Thirty-Four Sculptors

Long Beach State College

Mr. William Hill, functioning as the new director of the Long Beach State College Art Gallery, opened the fall exhibition season with a show devoted to sculptors who he felt had defined an image for themselves. Thirty-four were chosen, a number with no particular significance. Half of the sculptors are from southern California, the other half from northern California, barring a light sprinkling of northwest sculptors and one Canadian. Approximately half of the sculptors are teachers.

Two works were outstanding. Oliver Andrew’s “Figure,” a brand-new piece in bronze and mahogany combined two separate materials beautifully with graceful lines and an over-all effect of pleasure to the eye and hand; yet it definitely was a work of this time. (It would be most interesting to watch the work age, for a part of its current appeal is the beautiful interplay of light new wood with bright metal.) The other outstanding work, George Tsutakawa’s “Mabae,” in welded sheet bronze played an ovoid globular shape against a series of flat supporting shapes that hold the globe within them, while within the almost solid globe, a slit revealed another straight flat shape played against the encompassing globe.

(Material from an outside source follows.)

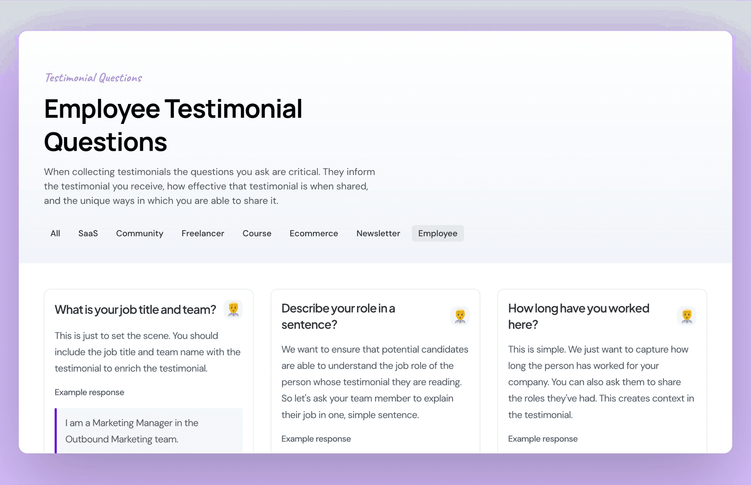 See more employee testimonial questions in Senja's testimonial question directory.

The rest of the exhibition is of high quality. Most of the works date from 1962–63, with only a few from 1960 or 1961. Among other works which seemed either especially fine efforts in themselves or particularly good examples of an artist’s style were John Mason’s “Cross Form,” Claire Falkenstein’s “Integrated Structure,” Maria Schulthess’ “Rondo Brasso Rilievo,” John Paul Jones’ “Man From Verdun,” Jack Stuck’s “Figure,” and Marjorie Burgstahler’s “Standing Figure Number One.” Dennis Hopper’s “Crusade,” construction of a stereoscope, a fencer’s mask and other materials was a witty example of the assemblage school. Robert Bassler’s “Volaris” is a wood piece assembled and shaped into a smooth, touchable shape, and Fred Powell’s “Tidal Pool” a wood sculpture worked so that the artist was firmly in control of his material, and used it to produce a work of definite distinction.

Peter Voulkos’ “Remington #2,” a bronze cast piece looking as if it were constructed of slabs of bricks, was installed in a way which did not do justice to the work, the most three-dimensional aspect of the work being turned so that it was most difficult to see. With this single exception, the exhibition was beautifully installed. The size of the galleries is limited, and 34 works on perhaps thirty pedestals could easily have turned into a forest or maze.